Sri Lanka’s Tamils looking towards India’s role as mediator

COLOMBO: Following the failure of the West-backed and Norwegian-brokered peace bid, Sri Lanka’s Tamils as well as the Tamil Tiger rebels may be looking towards India to play the role of peace facilitator. The Tamil Tiger rebels in Sri Lanka has sent “favourable signals” for India's role as a ‘mediator’ to end the ethnic conflict in the country, a Sri Lankan Tamil Minister was quoted by the Press Trust of India as saying on Monday in Tiruchirapalli.

P Chandrasekaran, Sri Lankan Minister for Community Development and Social Inequity Eradication, who is also the leader of the Upcountry People's Front, an organisation representing plantation. Tamil workers of Indian origin had claimed that the LTTE had renewed interest in Indian intervention.

The statement by Chandrasekaran comes in a background of significant support in Sri Lanka, especially by the Tamil community for a greater Indian role on the island.

A recent survey by the Colombo-based Centre for Policy Alternatives (CPA) conducted in all but the war-torn northern province has found majority support from all communities except the Sinhalese for Indian participation in peace negotiations with the LTTE guerillas. Only 47.8 per cent of the Sinhalese backed that tactic whereas 62.9 per cent of Sri Lankan (indigenous) Tamils; 61.1 per cent of Indian-origin Tamils; and 70.6 per cent of Muslims sought India’s assistance in peace talks with the Tamil Tigers.

Analysts meanwhile say that the much publicised meeting weeks ago between the late Rajiv Gandhi’s daughter Priyanka, and Nalini Sriharan who is serving a life term for her role in the assassination of the former Indian Prime Minister might lead to the LTTE being more open to any Indian involvement in taking bloodied and tattered Sri Lanka back to peace.

Nalini is the only surviving member of the five-member squad that was recruited to assassinate Rajiv Gandhi. Subha, the suicide bomber of the LTTE carried out the attack at Sriperumbudur in Tamil Nadu on May 21, 1991 killing Rajiv Gandhi and 17 others on the spot.

The assumption among diplomatic sources and analysts is that the initially secret visit by Priyanka to the Vellore prison would have direct and indirect repercussions where Sri Lanka ’s long drawn ethnic conflict is concerned. The Sri Lankan media have indicated that Priyanka’s meeting with Nalini would send ‘signals’ to the Tamil Tiger rebels that the past is forgotten, a chief request by the LTTE leader Vellpillai Prabhakaran at his famous press conference six years ago following the ceasefire with the then United National Party (UNP) government.

As observers point out this would show that Lanka’s neighbour is willing to considerably shorten the distance it maintained in the island’s arduous attempt to instil a political solution that might end the increasingly bloody war with the Tamil Tiger rebels.
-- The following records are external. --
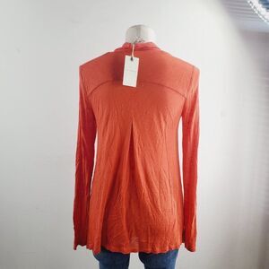 Lucky Brand Women's Orange Long Sleeve V-Neck Asymmetric Hem Button Tunic Top XS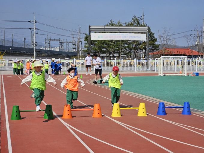 '찾아오는 어린이 축구교실'은 율빛유치원과 김천대학교 생활체육학과와의 협업으로 이루어진 행사로 지역사회 내 기관 협력체계 구축 활성화 방안 중 하나로 마련됐다.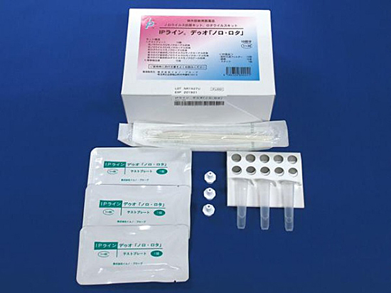 本製品は、糞便中の「ノロウイルス、ロタウイルス」の同時検出が可能で、検体をキットに滴下するだけの簡単操作によって、15分で判定結果が得られるという迅速検査キット(陽性は5分から判定可能)。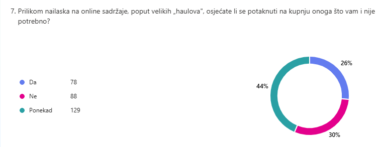 Najviše učenika (44 %) odgovorilo je kako se ponekad osjećaju potaknuti na kupnju onoga što im nije potrebno prilikom nailaska na online sadržaje.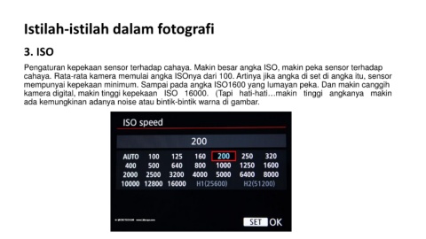 Pengaturan kepekaan sensor terhadap cahaya. Makin besar angka ISO, makin peka sensor terhadap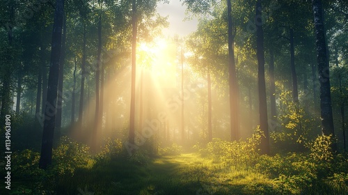 © IbneImam Studio, Obraz premium Sunlight Rays in Green Forest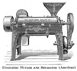 The hullers were Engelberg hullers manufactured in Germany. Before the use of electric motors, the hullers were driven by Corliss 150 hp steam engines powered from Babcock & Wilcox boilers. An extensive network of belts and pulleys was used to transfer the power from the engines to the hullers. Electric motors were introduced in 1951, replacing the steam engines.
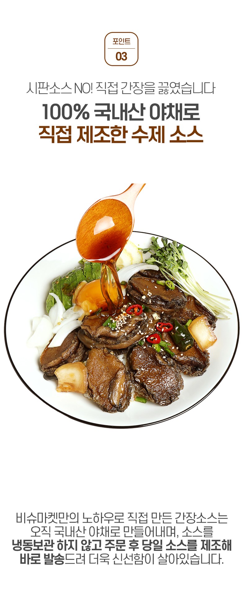 | 포장단위별 내용물의 용량(중량), 수량 | 1kg 1통 | 원재료명 및 함량 | 전복[국내산] 60%, 간장소스[국내산:간장, 정제수, 백설탕, 청량초, 대파, 무, 양파, 간마늘, 다시마, 유자, 청주, 매실원액] 40%, 감초[우즈벡], 구기자[중국산], 혼합간장[일본] |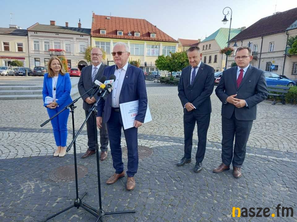 Dziś, 18 września, na Rynku w Sieradzu odbyła się konferencja prasowa posłów Prawa i Sprawiedliwości w sprawie kolejnych pieniędzy z Polskiego Ładu. Symboliczne czeki odbierali przedstawiciele powiatów sieradzkiego i zduńskowolskiego oraz miast i gmin z tej części naszego regionu.

The war between President Mahinda Rajapakse’s government and the LTTE saw a new phase early this year with the government formally annulling the ceasefire agreement signed in February 2002. Since then the country has reached a pinnacle of violence with the LTTE increasingly targeting civilians in the capital Colombo and its environs. So far this year nearly 80 have been killed in train and bus bombings while hundreds have been seriously injured. But sources in the north say the rebels may be running out of steam in the face of steady military attacks targeting the de facto state administered by the guerillas.

“If there is a serious and genuine move by India to bring about peace in Sri Lanka, the LTTE is likely to respond,” a pro LTTE Minister of the Tamil National Alliance (TNA) opined.